Sono ormai notissimi i termini della questione. Ai vecchi maestri attivi già nell’anteguerra – molti fotoamatori, pochissimi operatori professionali – si vanno aggiungendo polemicamente, a metà degli anni 50, i nuovi protagonisti. Alla Bussola di Giuseppe Cavalli , al Gruppo Misa che accoglie Branzi, Camisa, Giacomelli… si affiancano Paolo Monti leader a Venezia de La Gondola, e l’Unione Fotografica di Pietro Donzelli, mentre emergono nella professione dei talenti isolati come Ugo Mulas o Aldo Ballo e la pattuglia dei fotoreporter-autori, come Garubba o Bavagnoli. Alle soluzioni formali di tipo pittoricistico (il deprecato ‘salonismo’) si sostituiscono il linguaggio del neo-realismo, con la sua evidenza documentale, e più tardi verrà la violenza tonale di strutture ed oggetti mutuata dalla Pop Art. Sempre dalla metà degli anni 50, infine, si impongono dei settimanali di informazione, come Epoca, che presentano sistematicamente foto-servizi con qualità ‘d’autore’.

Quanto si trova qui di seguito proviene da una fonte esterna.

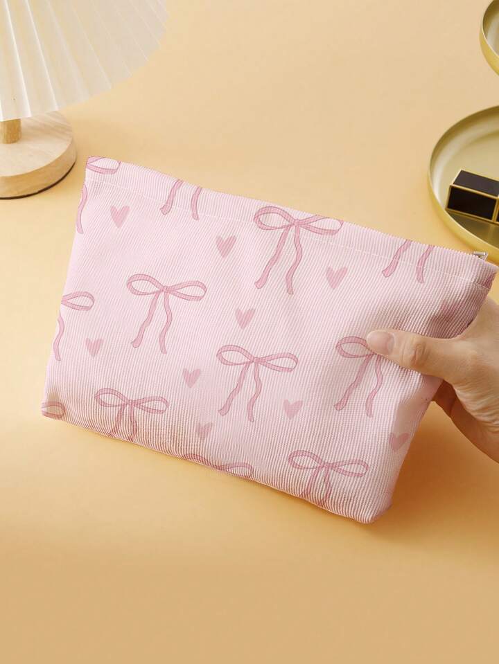 Kawaii Bolso de cosméticos de pana con patrón de lazo impreso a doble cara

Tranquillo, senza estremismi, cerca anzitutto di organizzare (attraverso l’attività della Biblioteca Civica di Sesto, diretta da Lincoln Cadioli) le possibili confluenze tra il mondo dei liberi ricercatori – se non vogliamo usare il termine di dilettanti – e quello emergente delle ricerche professionali… fino ad allora rimasti assolutamente estranei. Il Convegno Nazionale di Fotografia organizzato nel 1959, e l’avventura dei quaderni Dibattito inseriti nel mensile Foto Film tra il 1963 e il 65 – cui anche chi scrive fu partecipe – rappresentarono per Casiraghi il raccordo tra la propria attività artistica, e le idee che faticosamente si avviavano per fare uscire la cultura fotografica italiana dai suoi ritardi storici, dal suo provincialismo.

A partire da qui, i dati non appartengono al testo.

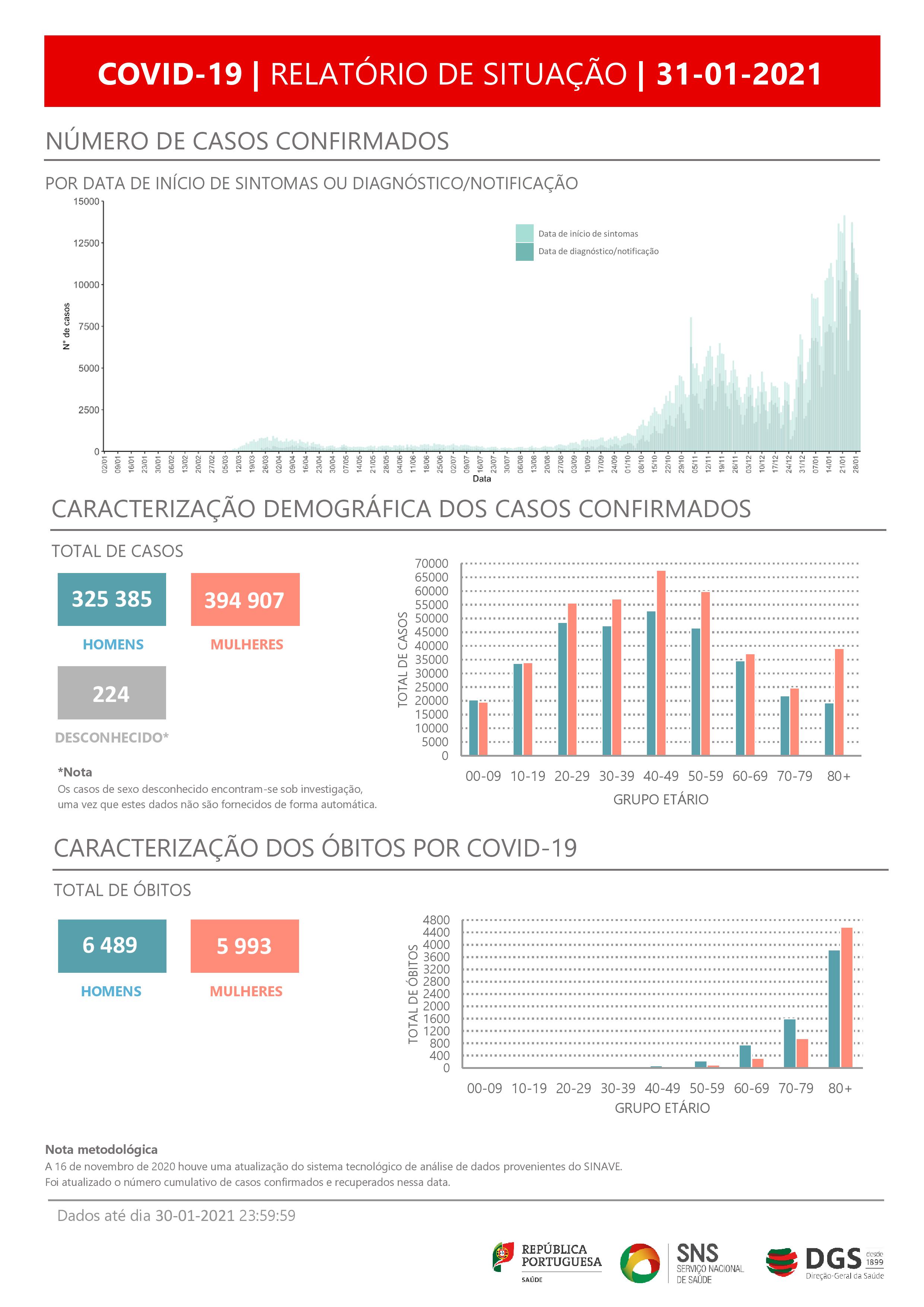O SARS-CoV-2 já infetou em Portugal, pelo menos, 394.907 mulheres e 325.385 homens, referem os dados da DGS, segundo os quais há 224 casos de sexo desconhecido, que se encontram sob investigação, uma vez que estes dados não são fornecidos de forma automática.

Ma Casiraghi – al contrario di altri fra noi come Antonio Arcari, Luigi Crocenzi o Italo Zannier che si andavano specializzando nelle vicende dell’immagine ottica – sapeva conservare una sorta di eclettismo culturale, che rappresentava anche la libertà, la naturalezza, le variazioni dei suoi interessi. Col vecchio amico architetto Giancarlo De Carlo segue le discussioni sul controverso destino urbanistico di Sesto S. Giovanni: questa sì una sconfitta per le amministrazioni di sinistra del dopoguerra, elette con maggioranze massicce e poi arrese ai modelli speculativi prevalenti in tutta Italia. Fotografa i soci delle cooperative edilizie in assemblea, e poi i traslochi nei nuovi alloggi, dove entreranno antichi mobili di famiglia, dalla essenziale povertà. Tranquillo inquadra anche un gregge di pecore (1958) drammaticamente ammassato sulle nere scorie delle lavorazioni metallurgiche Breda, raccolte fuori dallo stabilimento… E questa foto, pubblicata anche all’estero, diventerà un ricorrente contrappunto polemico, sui mensili specializzati, verso gli innumerevoli greggi bucolici, che avevano funestato mezzo secolo di salonismo. Le periferie ormai coincidenti di Sesto e di Milano gli offrono ulteriori occasioni di ripresa. Sequenze di slogan e invettive politiche sui muri delle fabbriche, case ‘di ringhiera’ semiabbandonate, operai in bicicletta nella foschia del mattino, pause di mensa , rassegnate manifestazioni sindacali, o al contrario Primi Maggio con nuclei familiari vestiti a festa. Tranquillo Casiraghi riserva inoltre un’attenzione costante anche alla vicenda artistica della propria città, ai pittori amici – non tutti affermati , ma tutti nel solco del realismo – che interpretano a loro modo spazi e condizione umana negli anni 60. Tranquillo produce un bel libro su Giuseppe Guerreschi (Quaderni di Imago, 1964) e ritrae Umberto Seveso, Giuliano Barbanti, Attilio Forgioli e altri; nei loro studi o in trasferta sui marciapiedi, col cavalletto o l’album degli schizzi. Tutti sembrano animati da un’ansia febbrile: l’interpretazione visiva come modello di possibile libertà – da parte dell’artista – verso le parole d’ordine obbligate, verso gli schemi politico-culturali di una sinistra in ritardo.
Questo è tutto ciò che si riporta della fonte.